A expulsão de Felipe Sabará, o ex-candidato à prefeitura de São Paulo pelo Novo, no último dia 21 , foi o pivô da abertura de um racha político no partido de direita que se coloca como defensor de políticas liberais. Sabará alega perseguição por apoiar o presidente Jair Bolsonaro (sem partido) e, em entrevista ao iG, reclamou de retaliação.


No dia 25 de outubro, Sabará teve a candidatura indeferida pelo TRE-SP (Tribunal Regional Eleitoral de São Paulo) após a Justiça acatar pedido do partido, que justificou a desistência da vice na chapa, Maria Helena, para suspender a campanha. O ex-candidato foi expulso sob acusação de fraudar o currículo com um suposto curso de Relações Internacionais na FAAP, que foi desmentido pela instituição.

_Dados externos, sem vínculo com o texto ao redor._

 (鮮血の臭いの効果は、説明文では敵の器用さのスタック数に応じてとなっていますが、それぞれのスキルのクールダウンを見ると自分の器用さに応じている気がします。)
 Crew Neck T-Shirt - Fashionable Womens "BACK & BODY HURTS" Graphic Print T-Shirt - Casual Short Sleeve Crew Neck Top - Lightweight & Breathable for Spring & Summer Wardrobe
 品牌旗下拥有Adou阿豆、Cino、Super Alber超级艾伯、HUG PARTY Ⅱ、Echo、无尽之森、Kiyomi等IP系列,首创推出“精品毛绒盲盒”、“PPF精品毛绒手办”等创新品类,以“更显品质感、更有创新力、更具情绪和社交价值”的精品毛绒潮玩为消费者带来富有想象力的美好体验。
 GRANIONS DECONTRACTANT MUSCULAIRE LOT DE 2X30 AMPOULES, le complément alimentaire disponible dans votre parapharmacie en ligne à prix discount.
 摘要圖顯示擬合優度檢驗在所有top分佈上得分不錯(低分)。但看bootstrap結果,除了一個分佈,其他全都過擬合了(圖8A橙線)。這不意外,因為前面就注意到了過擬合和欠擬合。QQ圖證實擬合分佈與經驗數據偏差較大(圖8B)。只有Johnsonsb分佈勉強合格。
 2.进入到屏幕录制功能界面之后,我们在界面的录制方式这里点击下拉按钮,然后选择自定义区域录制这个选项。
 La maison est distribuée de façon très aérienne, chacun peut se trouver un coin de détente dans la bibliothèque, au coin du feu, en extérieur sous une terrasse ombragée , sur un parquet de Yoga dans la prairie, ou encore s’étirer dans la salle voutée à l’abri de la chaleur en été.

O Novo realiza processos seletivos para escolher os seus candidatos. 

A saída de Sabará está no centro de uma  disputa interna na legenda , levantada pelo próprio ex-candidato expulso, que alega ser perseguido pelos dirigentes da sigla – integrantes da ala liberal – por conta do seu apoio ao governo do presidente Jair Bolsoaro (sem partido).

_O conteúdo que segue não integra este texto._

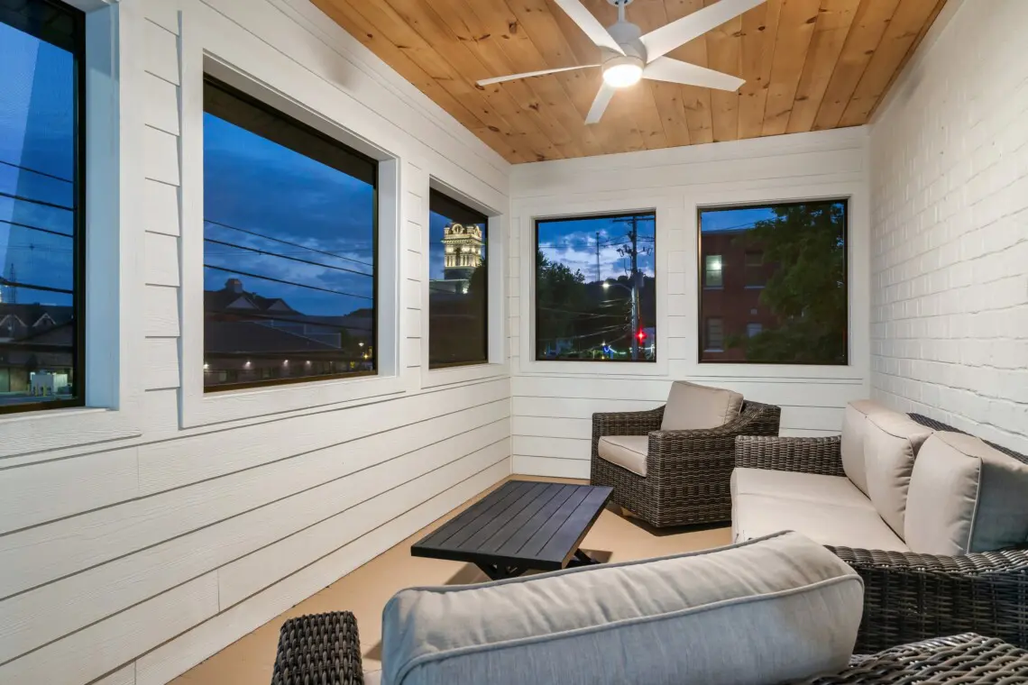 🎑 Screened-in porch overlooking Court Avenue + hanging egg chairs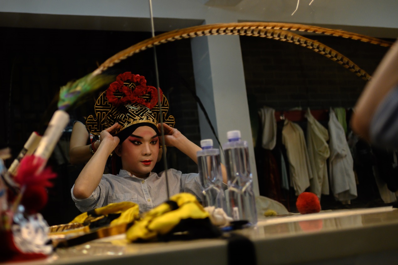冠をかぶる京劇役者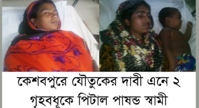 আজিজুর রহমান, কেশবপুর (যশোর) প্রতিনিধি: কেশবপুরে যৌতুকের দাবী এনে ২ গৃহবধূকে পিটিয়ে গুরুত্বর রক্তাক্ত জখম করেছে পাষ- স্বামী বলে অভিযোগ উঠেছে। গুরুত্বর রক্তাক্ত জখম ২ গৃহবধূ কেশবপুর হাসপাতালে ভর্তি করা হয়েছে।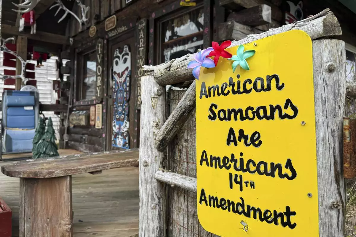 A sign supporting citizenship for American Samoans is posted outside the Log Cabin Gifts store on the waterfront in Whittier, Alaska, May 13, 2025. (AP Photo/Mark Thiessen)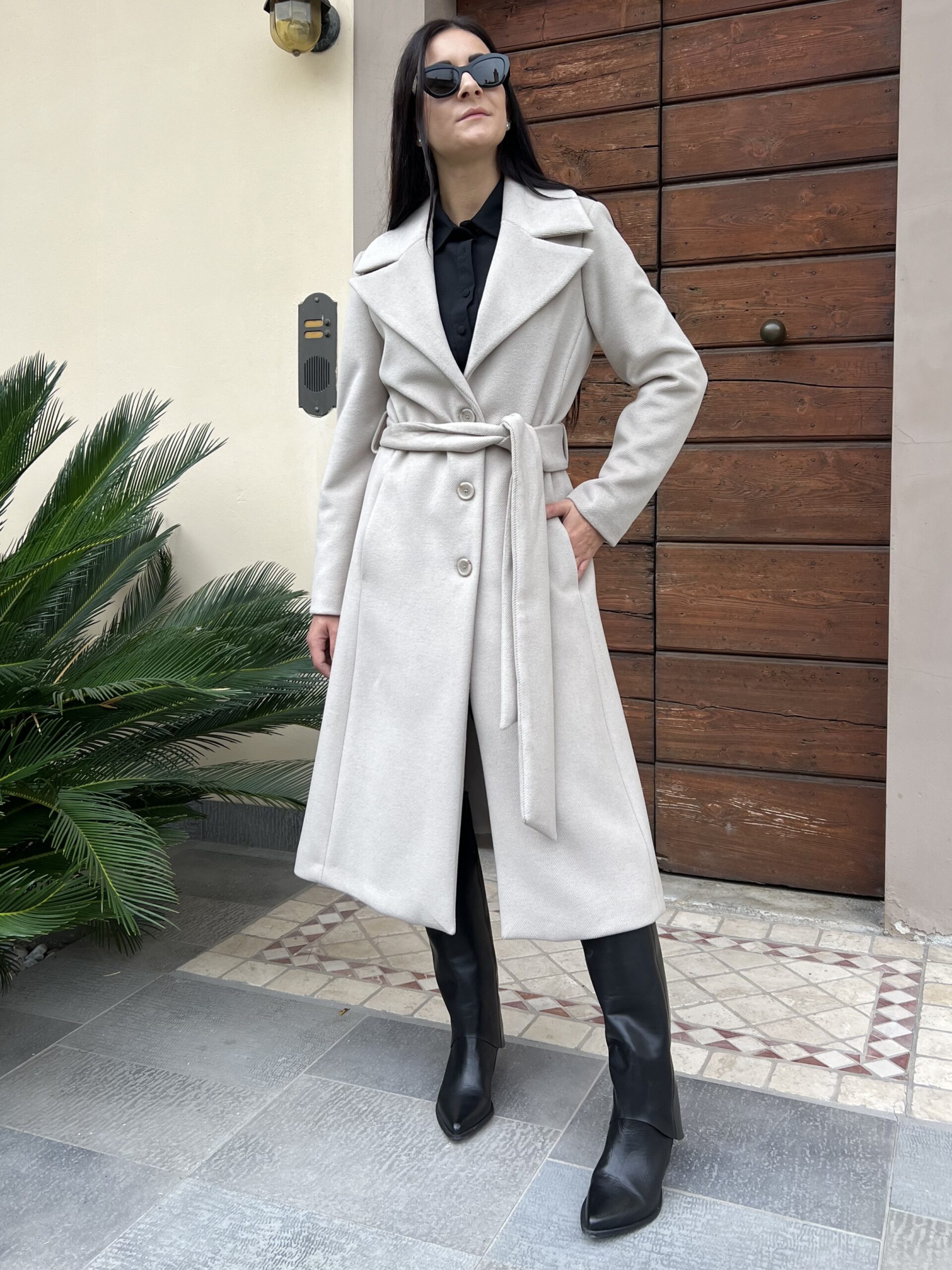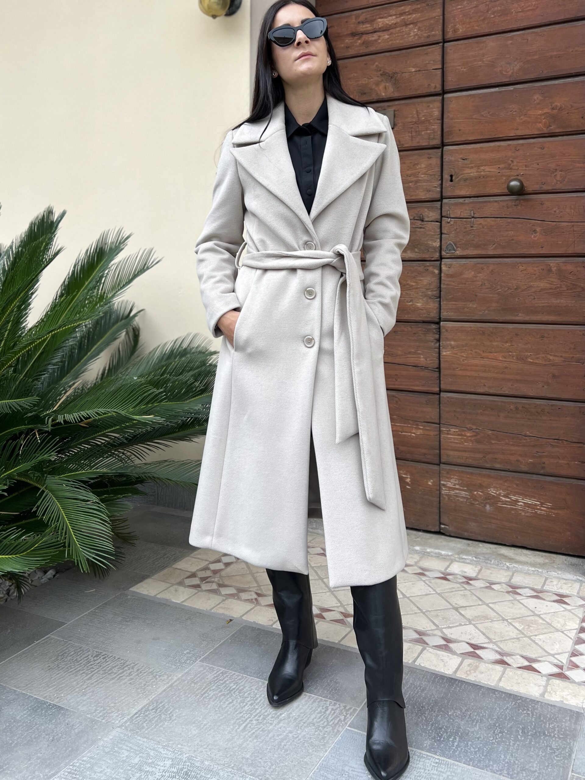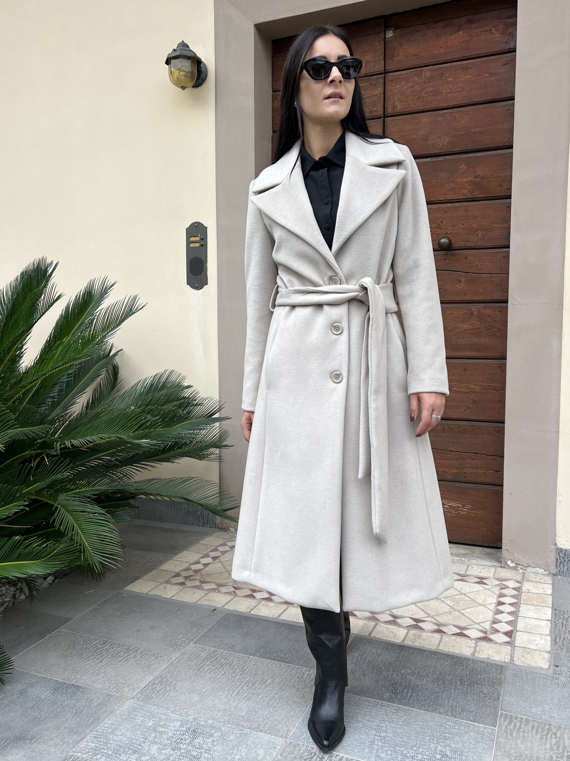 Cappotto lungo monopetto con revers a lancia e chiusura bottoni. Modello foderato con cintura in vita e tasche laterali. Tessuto morbidissimo al tatto in misto viscosa.

“Fui expulso do Partido Novo por não aceitar ser obrigado a pensar como um dos fundadores, João Amoedo , que ataca o Presidente Bolsonaro o tempo todo (no Twitter). E defendi as boas ações do governo federal, sempre que entendi que deveria”, declarou em nota enviada à imprensa.

Antes mesmo da expulsão, Sabará já havia sido alvo do movimento interno de pré-candidatos a vereador em São Paulo que não apoiavam a sua candidatura. Os postulantes ao Legislativo Municipal criaram um grupo no Whatsapp intitulado ” Tentando Salvar o Novo ” em que o ex-candidato era duramente criticado por seu alinhamento ao governo federal.

Um dossiê apócrifo com acusações contra o ex-candidato à Prefeitura de São Paulo circulou nos grupos de WhatsApp do partido neste período. Além do apoio a Jair Bolsonaro, Sabará foi duramente reprimido  por filiados, como o presidente João Amôedo e o deputado estadual de São Paulo Heni Ozi Cukier, ainda no início da campanha como pré-candidato, por eleger Paulo Maluf – de perfil punitivista e conservador que relembram Bolsonaro – como o melhor prefeito da história da capital paulista.

A ala bolsonarista capitaneada por Sabará não se manifestou publicamente em defesa das posições do candidato. As críticas feitas ao ex-filiado indicam que os dirigentes do partido são frotalmente contra o apoio ao governo federal para além da agenda liberal do ministro da Economia Paulo Guedes . Eventuais defesas ao ex-candidato e a Jair Bolsonaro poderiam gerar retaliações internas.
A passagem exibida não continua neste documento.